Now that we have officially emerged from the pandemic, there is a need for quality properties, and we have a heightened preference for liveability. As our priorities adjust, some buyers are willing to pay a bit more for properties with a 'pandemic appeal'; what I mean by this is that buyers want more space and security. However, it will not be the property as is that will need to adhere to these newly acquired needs; a liveable neighbourhood will also play a significant role. Most people now will pay a premium to live, work and play within a 30-minute drive, bike ride or walk from home. I believe they will be searching for business services, schools, shopping centres, sporting and leisure activities and jobs, all within a 30-minute reach. 

Residents of neighbourhoods, especially Cremorne, appreciate the ability to support local businesses, socialise within the community, be involved with schools, and enjoy local parks and sporting grounds. 
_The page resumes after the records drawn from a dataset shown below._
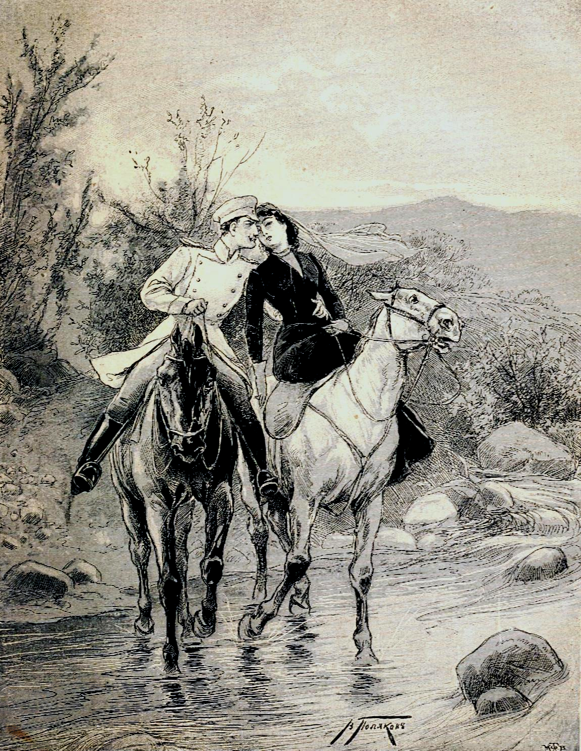 Book illustration,"Hero of our time" by Lermontov, "Pechorin and princess Mary"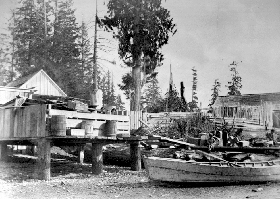 Photograph take in 1886 and from BC Archives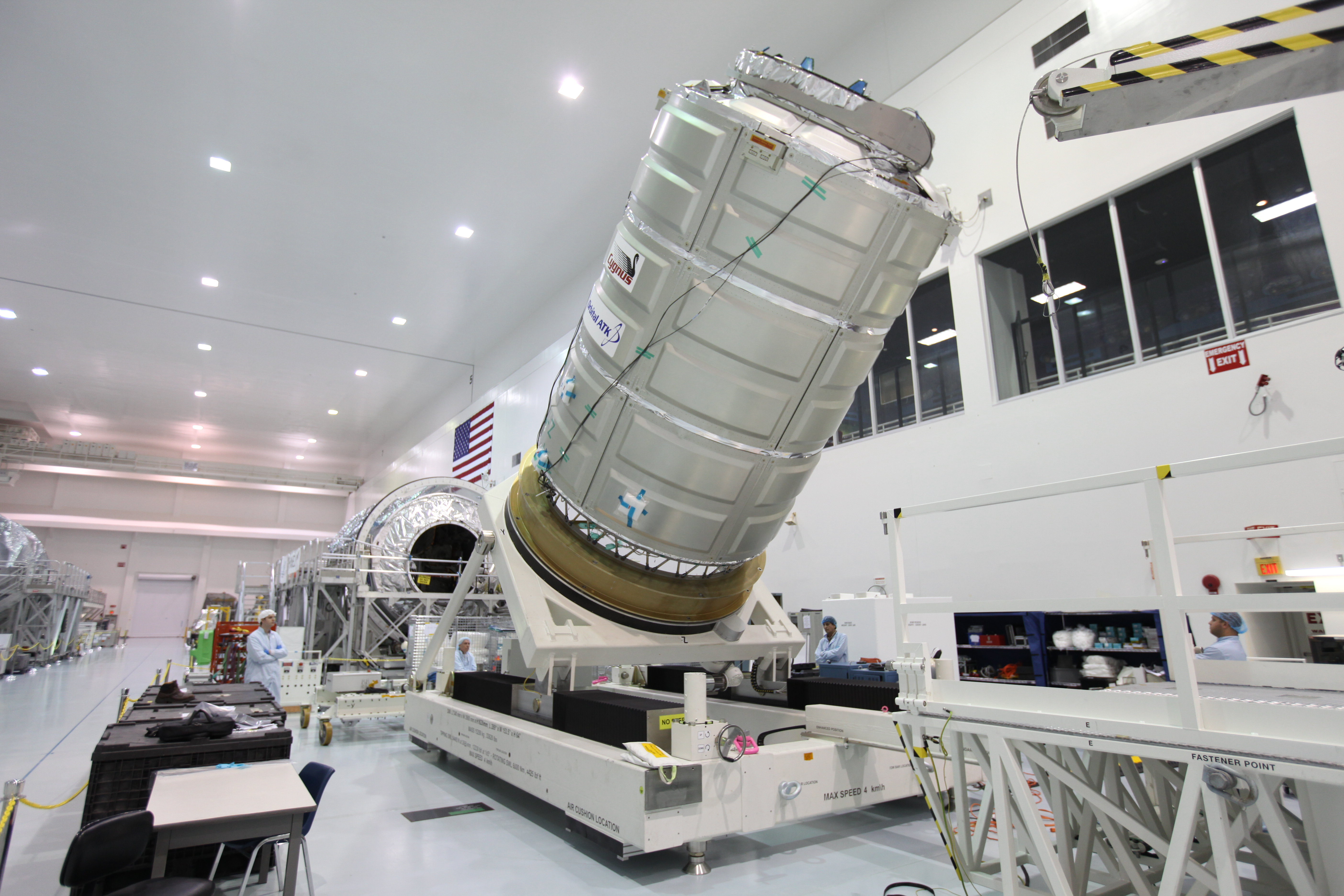 In the Space Station Processing Facility at NASA's Kennedy Space Center in Florida, the hatch was closed on the Cygnus spacecraft's pressurized cargo module (PCM) for the Orbital ATK CRS-7 mission to the International Space Station. The module is being rotated to vertical for mating to the service module. Scheduled to launch on March 19, 2017, the commercial resupply services mission will lift off atop a United Launch Alliance Atlas V rocket from Space launch Complex 41 at Cape Canaveral Air Force Station.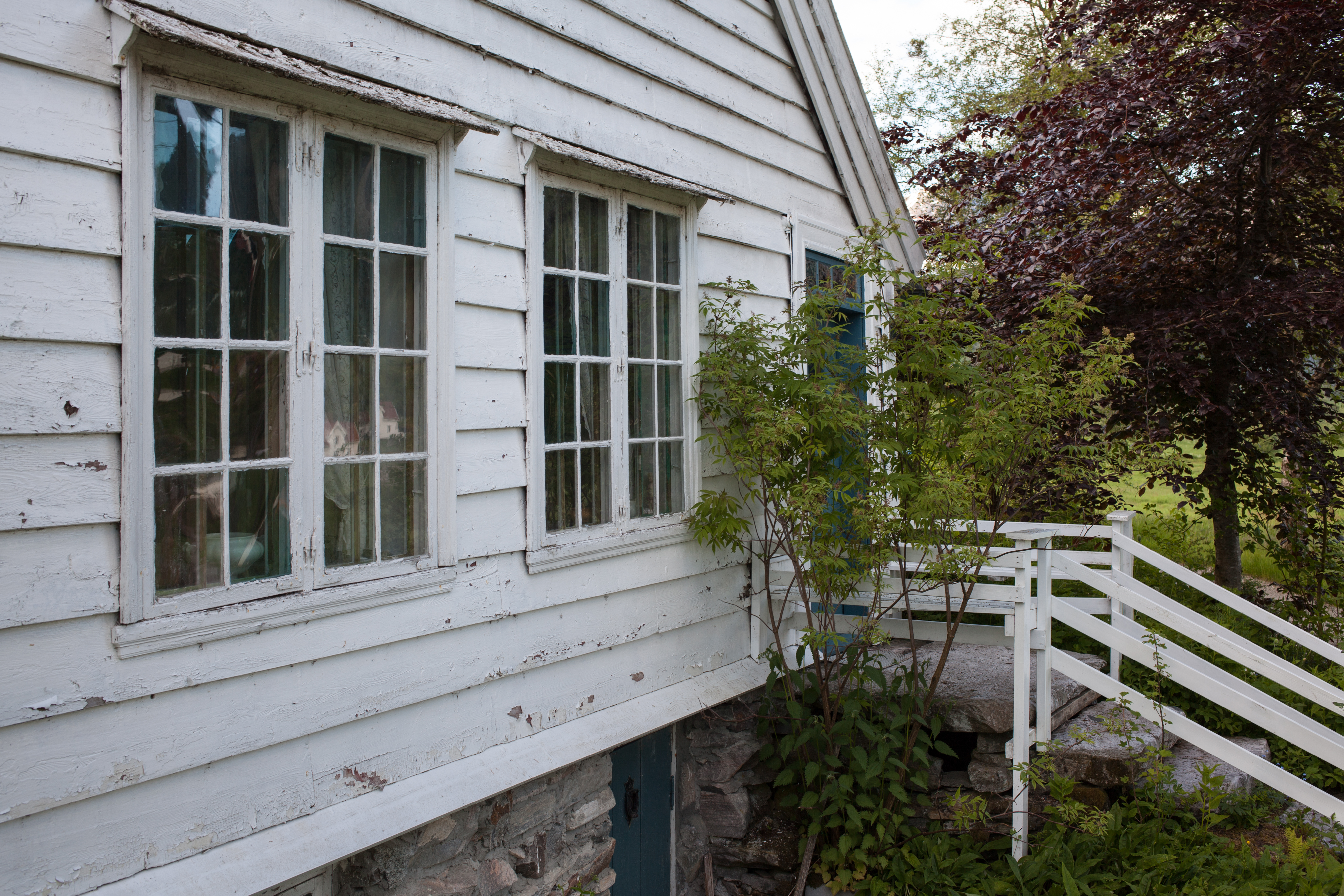 The Parsonage in Ålhus, Astrup's childhood home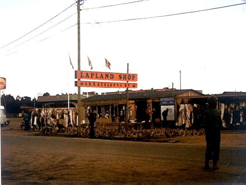 Lapland Shop Näkkäläjärvi Ky in Inari, Finland.

Last year when home values climbed not only in Cremorne but around the country, the media kept emphasising that we were in a property boom. The consequence was that emotions got high and fear of missing out was a frequent concept around the property market. Now that, generally speaking, the surge in our property market has slowed down, buyers are becoming fussier. There are still more buyers interested in A-Grade homes and investment-grade properties than properties for sale which will construct the market price moving forward. 

Some of the unrestricted buyers have pulled out of the market, but some people still need to upsize, downsize and require new homes due to marriage or divorce, whatever it may be, so property markets will always keep on. As you may have seen, the latest statistics show over $28 billion of finance was approved in September 2022, meaning new buyers are in the market. 

If you take away consumer sentiment, the housing and budget fundamentals are very sound. The surge in equity has been extraordinary for most property investors and homeowners, the career market is strong, and Sydney mortgage lapses are very low. 

I recommend that if you're in a financially sound position, you should not try and time the market but buy while others are sitting on the fence. 

Think about it:

  • There is not much competition around.

  • You have more time to conduct research and do your due diligence.

  • You will have the upper hand in negotiations.